Keywords: menopausal transition, sleep disorders, perception, information processing, actigraphy, older adults
Introduction
Ovarian hormones changes related to menopause were reported to affect sleep physiology and cognitive performance. Additionally, an interplay between sleep quality and cognitive function was observed in previous studies. Poor sleep quality is a strong predictor of cognitive impairments, including attention problems and executive function deficits, particularly in older women.1–3
Sleep has a positive impact on learning, memory, logical reasoning, immune responses, repair processes, microbiome, blood glucose levels, blood pressure, and more.4 In contrast, insufficient sleep (six to seven hours or less) negatively affects the immune and cardiovascular systems, increases the likelihood of developing Alzheimer’s disease (AD), and contributes to other mental disorders. Complete repetitive absence of sleep might lead to the death of the organism.5–7
The quality and duration of sleep naturally change due to the aging of the organism. With increasing age, sleep shortens, falling asleep shifts to earlier evening hours and the organism wakes up in the early morning hours.8 Sleep disorders are up to twice as common in women as in men.9,10 Several studies have shown that these problems are mainly associated with menopause. Sleep problems begin to appear already during the menopausal transition and their occurrence increases in postmenopause.11 During the postmenopause period, 40 to 56% of women suffer from sleep disorders compared to 31% of women in premenopause.11 Women in postmenopause often suffer from poor sleep quality, insufficient sleep quantity, or other sleep disorders. An eight-year longitudinal analysis by Baker et al,12 involving over 3000 women from the SWAN (Study of Women’s Health Across the Nation) cohort, showed that frequent nighttime awakenings are the most common sleep disturbance among postmenopausal women. Sex hormones, especially estradiol (E2) play an important role in women’s sleep quality.13
During perimenopause, levels of follicle-stimulating hormone (FSH) significantly increase, while E2 levels are normal or decreased.14 The rise in FSH is probably due to a decline in ovarian inhibin production, which under normal physiological conditions reduces FSH secretion in the pituitary gland.14 Postmenopause is characterized by amenorrhea lasting longer than one year, when amenorrhea becomes permanent. This period is characterized by minimal hormone production in the ovaries, reduced E2 levels, and a permanently elevated level of FSH and luteinizing hormone (LH).15 Kravitz et al11 found that sleep disturbances are linked to changes in reproductive hormone levels. A decrease in E2 was associated with difficulty falling asleep and maintaining sleep, while an increase in FSH was linked to problems with sleep maintenance.11
E2 and its neuroprotective effects have been shown to enhance cholinergic and serotonergic neurotransmission and to support synaptic plasticity in the hippocampus and prefrontal cortex.16 The decline in this ovarian hormone, during the menopausal transition appears to affect neural systems involved in learning and memory. During menopausal transition many women experience changes in cognitive performance,17 particularly in domains such as verbal memory, attention, working memory and executive function.18–20 Previous epidemiological and clinical studies suggest an association between postmenopausal hormone levels and cognitive performance indicating that lower E2 levels and/or disrupted E2 signaling correlates with a greater risk of cognitive decline.

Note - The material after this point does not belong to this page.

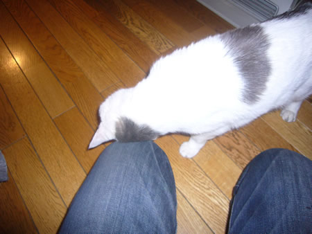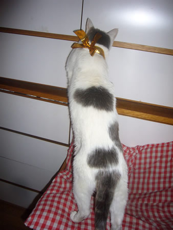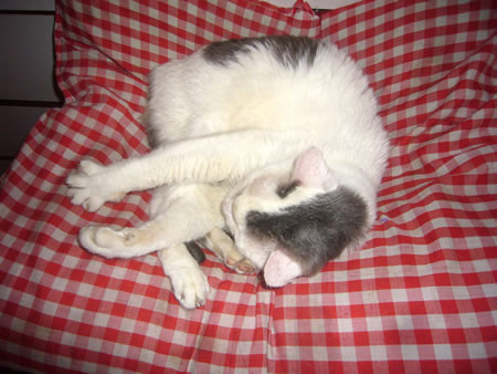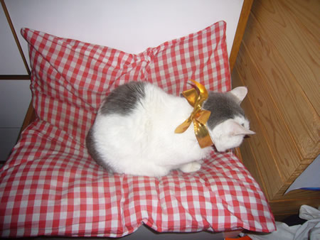 事務所の周辺の野良猫の一匹、黒タマが最近部屋に入ってきて、椅子に腰掛けて疲れを癒しています。野良だったので鳴く機会がなかったらしく、ピェ-、ピェ-と変な声で、目下ウグイスみたいに鳴く練習をしています。でも音痴は生まれつき直らないかも。

Sleep plays a crucial role in cognitive processes. It is important to diagnose and treat insomnia in older adults properly as poor sleep can have serious consequences, including decreased health-related quality of life,21 impaired cognitive performance22 and even an increased risk of dementia, including AD.11 Therefore, the aim of this study was systematically review and summarize the results of available literature on with the impact of sleep deprivation on cognitive function in postmenopausal women.
Materials and Methods
Eligibility Criteria for Selecting Studies
The systematic review was developed in accordance with the guidelines set by the Preferred Reporting Items for Systematic Reviews and Meta-Analyses (PRISMA).23 The PECO criteria were used to evaluate the eligibility of the studies for this systematic review (Table 1).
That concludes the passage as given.